Papa Leone: la vera giustizia è l’amore

Vatican Media
ROMA\ aise\ - “La vera giustizia è l’amore” e “dentro ogni precetto della Legge dobbiamo cogliere un’esigenza d’amore”. Questo l’insegnamento di Gesù, riportato nel “discorso della montagna” contenuto nel Vangelo, al centro dell’Angelus domenicale, che Papa Leone XIV ha recitato di fronte a fedeli e pellegrini giunti ieri, 15 febbraio, in piazza San Pietro.
“Dopo aver proclamato le Beatitudini”, ha spiegato il Santo Padre, “Gesù ci invita a entrare nella novità del Regno di Dio e, per guidarci in questo cammino, rivela il vero significato dei precetti della Legge di Mosè: essi non servono a soddisfare un bisogno religioso esteriore per sentirsi a posto davanti a Dio, ma a farci entrare nella relazione d’amore con Dio e con i fratelli. Per questo Gesù dice di non essere venuto ad abolire la Legge, “ma a dare il pieno compimento“ (v. 17)”.

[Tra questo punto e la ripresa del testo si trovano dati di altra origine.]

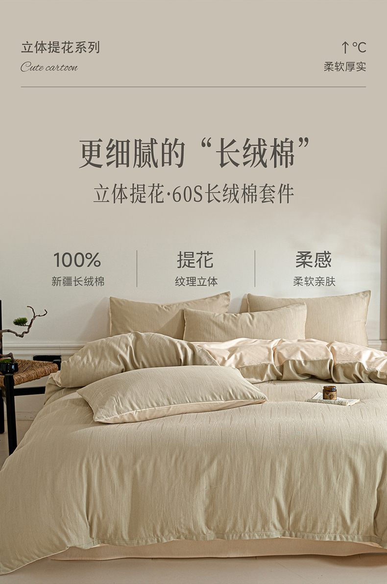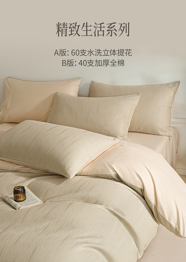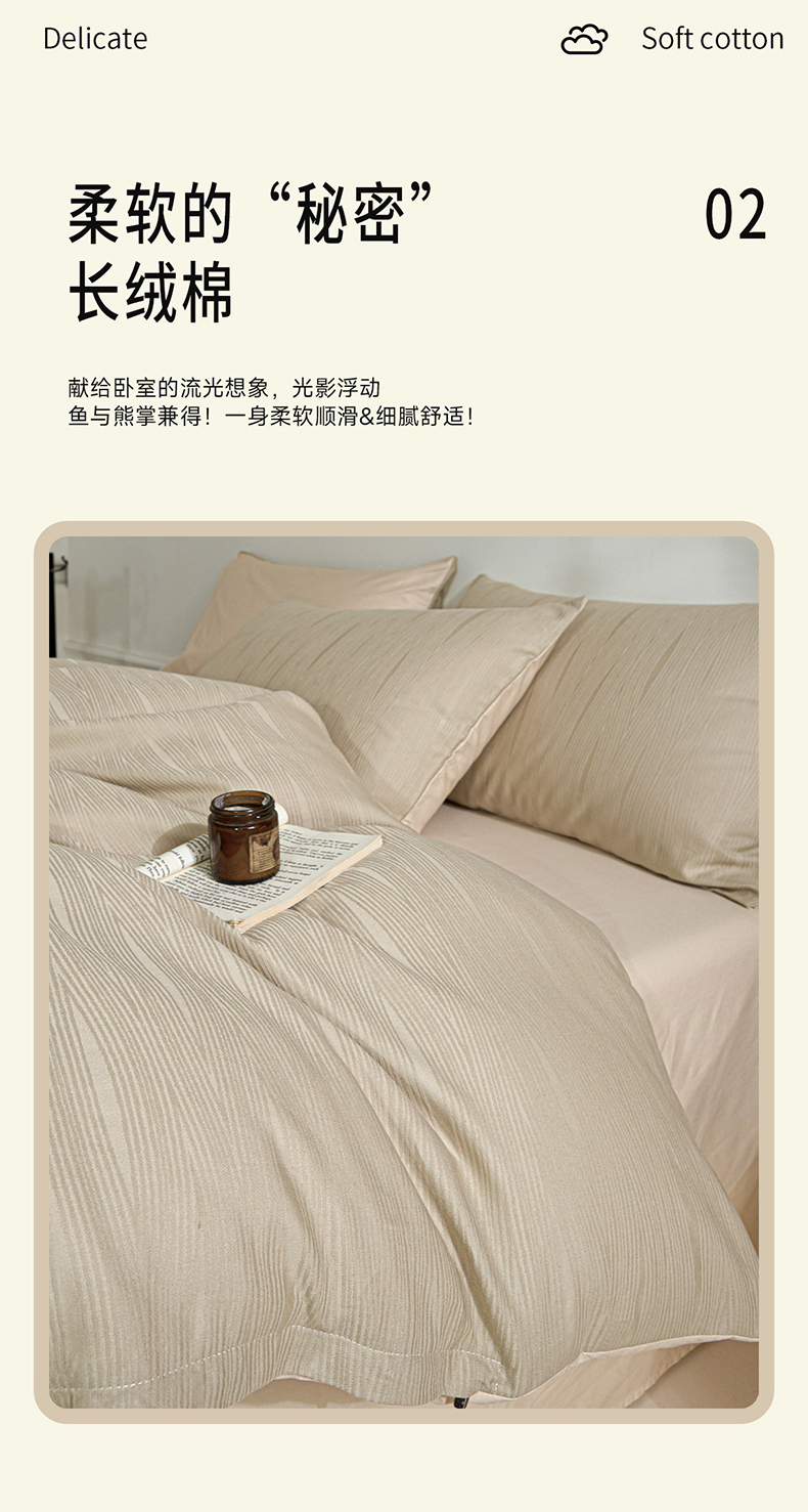 当前位置: 91家纺网 > 商品网购 > 床品套件 > 四件套 > 全棉普通四件套 > 眠博士 2026春夏新款60s全棉纯棉水洗立体提花四件套 麦浪-卡其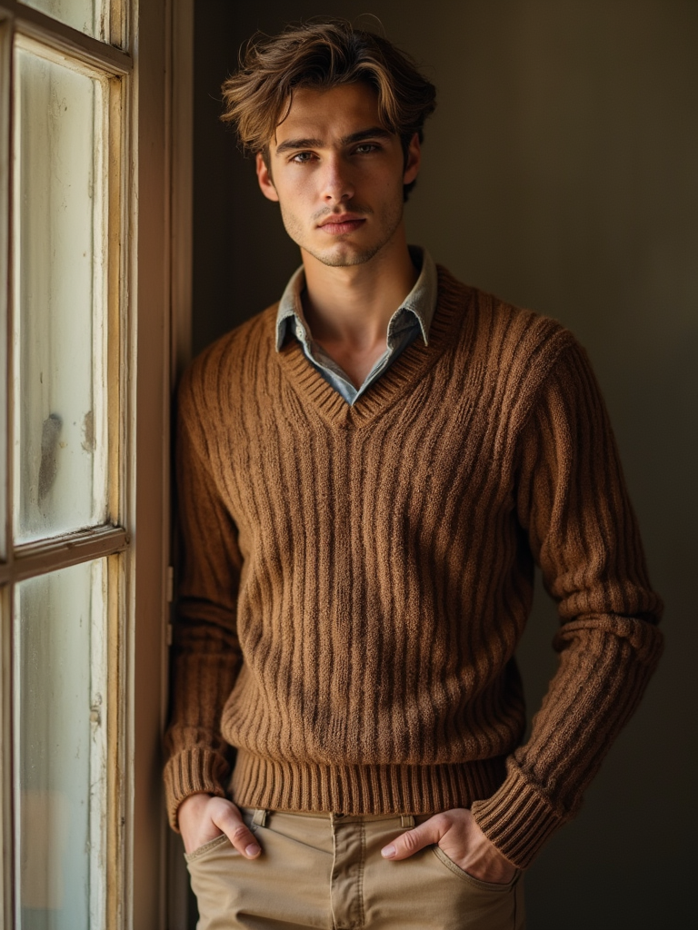 model wearing mocha brown sweater and tan chinos, luxurious textures, rich earth tones, sophisticated styling, warm natural lighting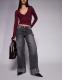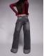 Liquor N Poker cinch midrise turn up baggy denim jeans with contrast stiching in darkwash grey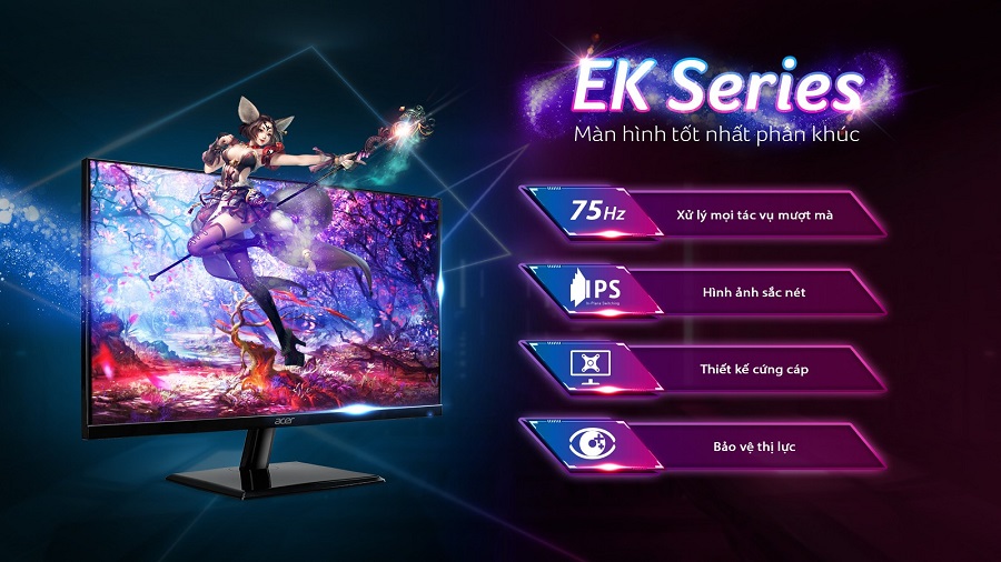 👉 Với sự kết hợp giữa thiết kế LED đen sang trọng, Full HD, IPS, 120Hz, kết nối VGA/HDMI, màn hình Acer EK241Y chính hãng là lựa chọn hoàn hảo cho học tập, làm việc và giải trí trong phân khúc màn hình 23.8 inch giá rẻ.
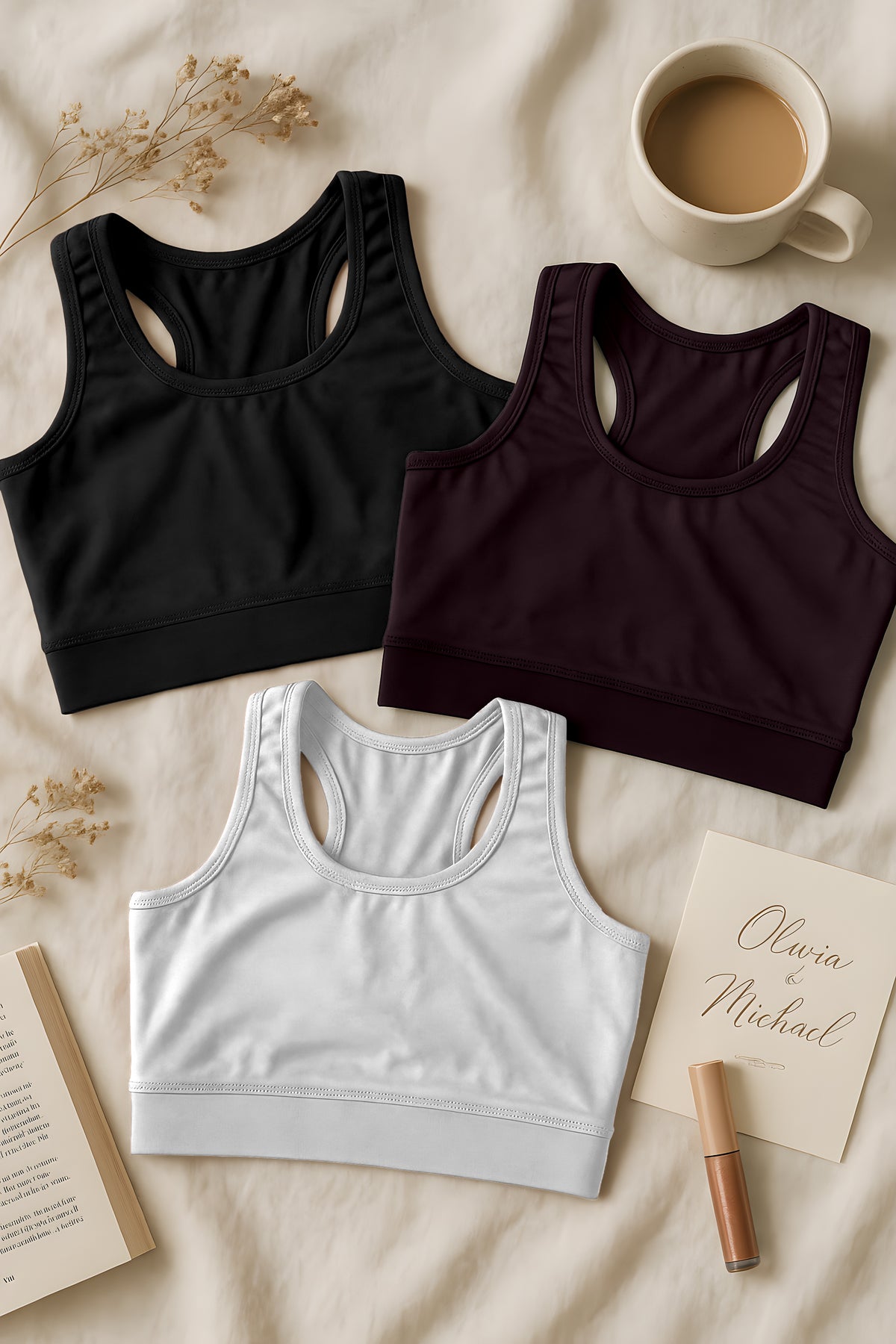 Stylish Women’s Racerback Sports Bra Pack – 3 Solid Colors for Gym, Yoga, Running & Daily Use - 28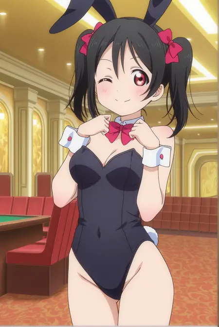 基础款:nico-ya、1girl、黑发、红眼、双马尾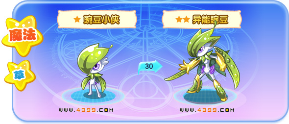 | 成长故事:豌豆小侠常年都用一块叶子挡着脸,只露出一只眼睛,导致从没有人见过它的长相,让人十分好奇。 | 成长故事:异能豌豆的魔法职业给爱恶作剧的它带来很大的便利,不过总爱捉弄人的性格使它朋友越来越少了。 | ||||||||||||||||||||||||||||||||||||||||||

“Il compimento della Legge è proprio l’amore, che ne realizza il significato profondo e lo scopo ultimo”, ha proseguito Leone. “Si tratta di acquisire una “giustizia superiore” (cfr v. 20) a quella degli scribi e dei farisei, una giustizia che non si limita a osservare i comandamenti, ma ci apre all’amore e ci impegna nell’amore. Gesù, infatti, prende in esame proprio alcuni precetti della Legge che si riferiscono a casi concreti della vita, e utilizza una formula linguistica – le antinomie – proprio per far vedere la differenza tra una formale giustizia religiosa e la giustizia del Regno di Dio: da una parte “Avete inteso che fu detto agli antichi” e dall’altra Gesù che afferma “Ma io vi dico” (cfr vv. 21-37)”.
“Questa impostazione è molto importante”, ha sottolineato il Papa. “Ci dice che la Legge è stata data a Mosè e ai profeti come una via per iniziare a conoscere Dio e il suo progetto su di noi e sulla storia o, per usare un’espressione di San Paolo, come un pedagogo che ci ha guidati a Lui (cfr Gal 3,23-25). Ma ora Lui stesso, nella persona di Gesù, è venuto in mezzo a noi, il quale ha portato a compimento la Legge, facendoci diventare figli del Padre e donandoci la grazia di entrare in relazione con Lui come figli e come fratelli tra di noi”.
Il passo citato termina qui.